Cuando los protestantes aceptaron el desafío militar que les lanzaron los católicos cortaron, ya para siempre, su propio proceso expansivo. El protestantismo no dejó de extenderse por Europa hasta que la guerra, asociada a su propio discurso religioso, se generalizó por toda la geografía de nuestra ecúmene. Cuando los cañones se ponen a hablar, acaban con los debates ideológicos y deslegitiman a sus portavoces. Las distintas propuestas “heréticas” medievales no eran más que la rebelión de la sociedad civil contra el viejo orden feudal europeo que se va abriendo paso lentamente, de manera confusa, probando diversas alternativas. Por fin, los luteranos terminan alcanzando el suficiente apoyo social, político y militar como para poder resistir la acción represiva del universo católico bajomedieval. El mundo que surge alrededor de las ciudades planta cara, de manera cada vez más consistente, al que se apoya en el mundo rural y sus viejas relaciones de poder.

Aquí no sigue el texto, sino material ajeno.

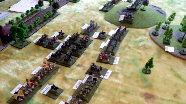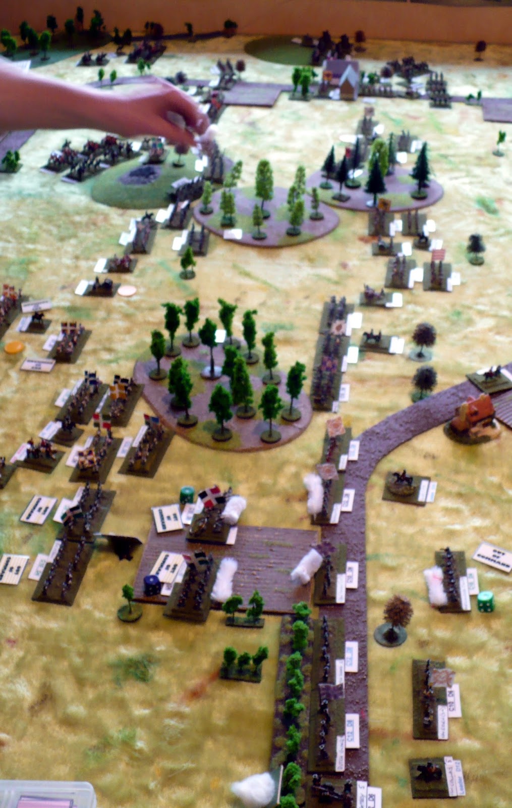 Pre-battle rolls saw one French Foot Brigade delayed (4 Move cards) arriving to battlefield.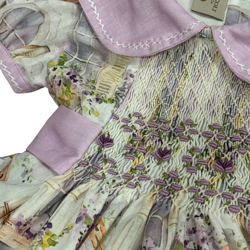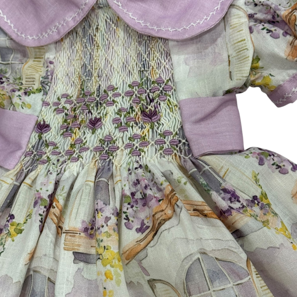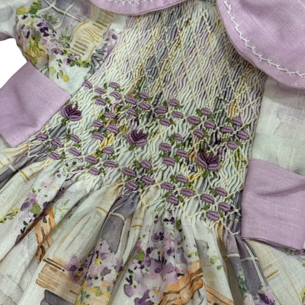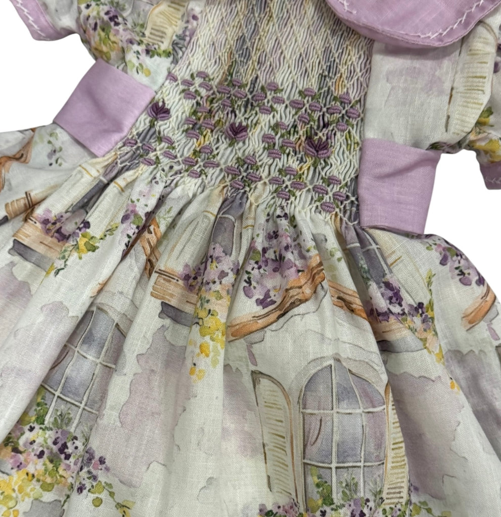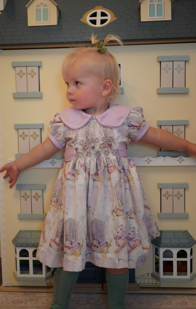 Precious dress handsmocked in the center of the bodice crafted in an adorable fabric featuring little house windows. Looks like a painting 😍

Mientras el orden social que descansaba sobre la alianza de los dos poderes universales se caía a pedazos, España emergía como la gran potencia europea del momento y sus ejércitos, que no habían dejado de fortalecerse y de crecer durante ochocientos años, eran la expresión de un modelo social triunfante, como también lo era la monarquía francesa, que llevaba siglos extendiendo su autoridad política desde el núcleo parisino originario hacia su periferia anglo-normanda y borgoñona e, igualmente, el protestantismo que, desde Alemania, se expandía subvirtiendo el discurso tradicional del Occidente Cristiano medieval y colocando al personalismo burgués en el epicentro de todos los debates de orden teológico que estaba protagonizando. Los burgueses de las ciudades ya no estaban dispuestos a soportar la tutela de los teólogos medievales y reivindican la lectura de la Biblia (la fuente última de la legitimidad religiosa) en la lengua vernácula, para poder ser interpretada en la soledad del hogar y discutida después en el templo, convertido así en la asamblea de los fieles. De esta forma la relación entre el creyente y Dios se establece de manera directa y sin intermediarios.

El modelo global se está poniendo en cuestión a diversos niveles y de diferentes maneras. En España lo que se cuestiona es la geopolítica europea. Nuestro país emerge, unido, como un bloque compacto que se expande por el mundo y que, al hacerlo, trastoca todas las relaciones de poder que se dan a su alrededor.

En Francia lo que se fortalece es el poder del monarca, apoyándose en los sectores de la población más dinámicos de entre los que le son leales. La expansión militar del estado francés encuentra resistencias muy duras en sus fronteras debido a las altas densidades de población que se dan en su área geográfica, que están entre las mayores de Europa.

En Alemania quien se fortalece es la burguesía de las ciudades, lo que provoca, al contrario que en Francia, un debilitamiento de la obsoleta estructura política del Sacro Imperio, muy vinculada con los modelos feudales, que resultan ya claramente anacrónicos a la altura del siglo XVI.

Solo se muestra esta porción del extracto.